My suggest sample size of 10 at interim time points is to find a catastrophic issue. Truth is that a sample size at t=0 and t=36 months with a c=0 sampling plan really has no statistical power. If it intended to find large issues with "stability". I tend not to use such small sample sizes for performance based testing, but for package integrity testing where either all the samples will usually pass or a large percent will fail (greater than 10%). A sample size of 32 is about 95/90 and even if you pool the samples to get a sample size of 64, that still approximately 95/95, so 5% defective rate can still pass 95% of the time .

Just my

a few other clarifications:

'continuous test data' means measuring a continuous variable as opposed to an attribute or categorical variable. continuous variables being measureable such as force, tensile strength, permeability, etc. and categorical data being count data such as the number of passing or failing parts.

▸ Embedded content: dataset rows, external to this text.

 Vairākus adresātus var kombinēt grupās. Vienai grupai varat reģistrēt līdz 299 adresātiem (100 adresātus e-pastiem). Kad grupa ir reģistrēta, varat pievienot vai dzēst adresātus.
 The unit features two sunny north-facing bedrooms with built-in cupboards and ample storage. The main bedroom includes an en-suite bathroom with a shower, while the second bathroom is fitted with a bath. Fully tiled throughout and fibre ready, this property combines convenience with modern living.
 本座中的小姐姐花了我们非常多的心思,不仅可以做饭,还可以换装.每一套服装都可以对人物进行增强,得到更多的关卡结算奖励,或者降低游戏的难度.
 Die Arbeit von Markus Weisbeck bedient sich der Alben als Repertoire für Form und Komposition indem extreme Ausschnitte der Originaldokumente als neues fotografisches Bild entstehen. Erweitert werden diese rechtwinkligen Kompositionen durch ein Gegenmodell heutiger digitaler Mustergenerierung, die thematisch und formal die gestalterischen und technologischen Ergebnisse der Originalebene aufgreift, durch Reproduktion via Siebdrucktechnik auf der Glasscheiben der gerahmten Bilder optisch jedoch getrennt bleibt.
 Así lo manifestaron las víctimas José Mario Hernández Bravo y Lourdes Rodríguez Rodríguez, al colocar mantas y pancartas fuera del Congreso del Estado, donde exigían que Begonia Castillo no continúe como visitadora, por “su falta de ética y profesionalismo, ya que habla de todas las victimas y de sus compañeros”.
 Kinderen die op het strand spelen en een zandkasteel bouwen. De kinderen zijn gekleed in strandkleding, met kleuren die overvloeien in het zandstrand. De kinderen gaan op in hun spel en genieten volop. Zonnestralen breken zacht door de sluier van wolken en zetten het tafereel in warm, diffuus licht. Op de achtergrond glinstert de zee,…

categorical data will almost always result in larger sample sizes than continuous data.

if you are highly confident that the 36 month test will pass, you only need to test at that time period. but as Steven pointed out, you may wan tot play it safe and test some parts at interim time points just case they fail earlier than you might expect. in this case sample size doesn't have to be 'statistically' justified as you are doing it to protect yourself from an early failure that you otherwise might not detect until 36 months. of course smaller sample sizes at interim time points increases the risk of missing a slight degradation before 36 months. however this is your business risk to determine...

sample size at interim time points only matters if you intend to 'model' the degradation. While you can do this for categorical data the sample sizes would be very large to get a meaningful model and it doesn't sound like this would be helpful to at this time.

N

#### NicoleinFlorida

Hello Ben and Steven,

Thank you for all the clarification.

The materials of our devices will not degrade a lot throughout shelf-life, especially the inner mechanism which is made of stainless steel. The integrity of the package actually will mainly determine the shelf-life. However, we need to have finished devices inside the package to perform the package integrity test, shipping simulation test and device performance test in order to establish the shelf-life.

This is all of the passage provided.